Return the lines below exactly, from the first line to the line that contains "2025年8月7日,愛沙尼亞". Leave out pictures.
DATASET CONTENT below:
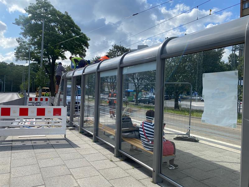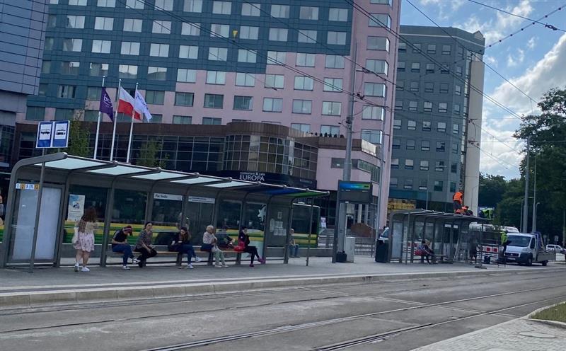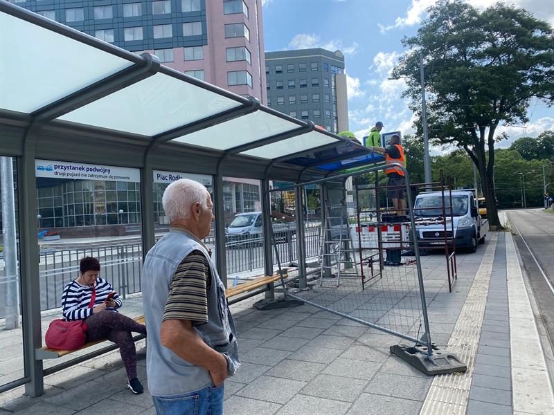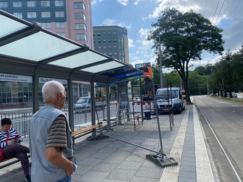 We wtorek 27 czerwca prowadzono prace przy naprawie wiaty na przystanku tramwajowym przy pl. Rodła w Szczecinie. Kilka miesięcy temu, w wielkanocny poniedziałek, uszkodził ją turystyczny autokar, który stoczył się z parkingu pobliskiego hotelu. Na szczęście na przystanku nie było wtedy pasażerów, nikt zatem nie odniósł obrażeń.
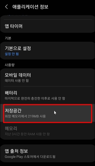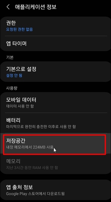 어플 상세 화면이 나오면 메뉴 중 [저장 공간]을 선택합니다.
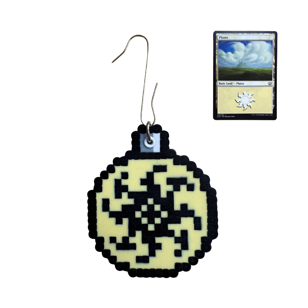 Pour les planeswalkers nostalgiques, les mages décorateurs ou les passionnés de Magic: The Gathering, voici une collection de suspensions artisanales inspirées des terrains de base emblématiques :
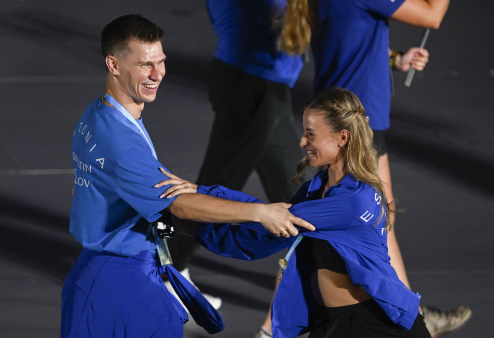 2025年8月7日,愛沙尼亞體育代表團(tuán)成員在第12屆世界運動會開幕式上起舞。
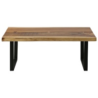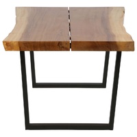 The wooden coffee table will make a timeless addition to your living room decor. Constructed from solid suar wood and sturdy steel frames, the table is highly stable and durable. It features naturally shaped live edges which give the table a touch of rustic charm. The tabletop is ideal for placing fruit baskets or decorative items like vases and potted plants. The steel frames add to the table's sturdiness as well as to its industrial style. Every step of the construction process is carried out with the greatest care, be it sanding, painting and lacquering. Assembly is easy. Important note: The colours and grains of the wood may vary from piece to piece, making each piece unique and slightly different from the next. The delivery is random, ensuring the exclusivity and individuality of your product.
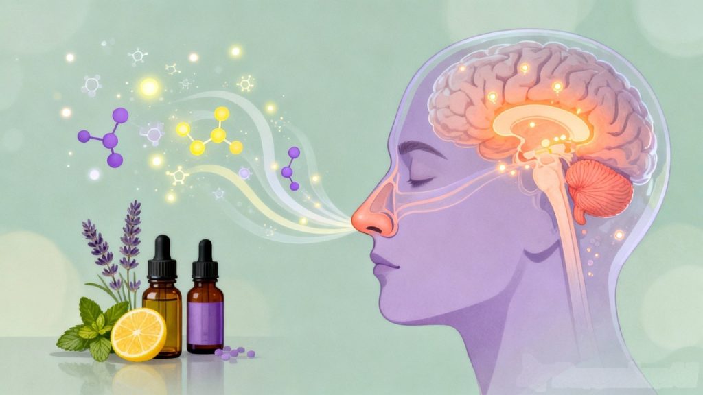Secara kimia, minyak atsiri tersusun atas senyawa volatil seperti terpenoid, alkohol, ester, dan aldehida. Ketika dihirup, molekul aroma akan berikatan dengan reseptor olfaktori dan mengirimkan sinyal langsung ke sistem limbik, bagian otak yang berperan dalam emosi, memori, dan respons stres (Herz, 2009). Jalur ini menjelaskan mengapa aroma dapat memicu perubahan suasana hati dalam waktu singkat.
End of DATASET CONTENT.
## FINAL ANSWER
 We wtorek 27 czerwca prowadzono prace przy naprawie wiaty na przystanku tramwajowym przy pl. Rodła w Szczecinie. Kilka miesięcy temu, w wielkanocny poniedziałek, uszkodził ją turystyczny autokar, który stoczył się z parkingu pobliskiego hotelu. Na szczęście na przystanku nie było wtedy pasażerów, nikt zatem nie odniósł obrażeń.
 어플 상세 화면이 나오면 메뉴 중 [저장 공간]을 선택합니다.
 Pour les planeswalkers nostalgiques, les mages décorateurs ou les passionnés de Magic: The Gathering, voici une collection de suspensions artisanales inspirées des terrains de base emblématiques :
 2025年8月7日,愛沙尼亞體育代表團(tuán)成員在第12屆世界運動會開幕式上起舞。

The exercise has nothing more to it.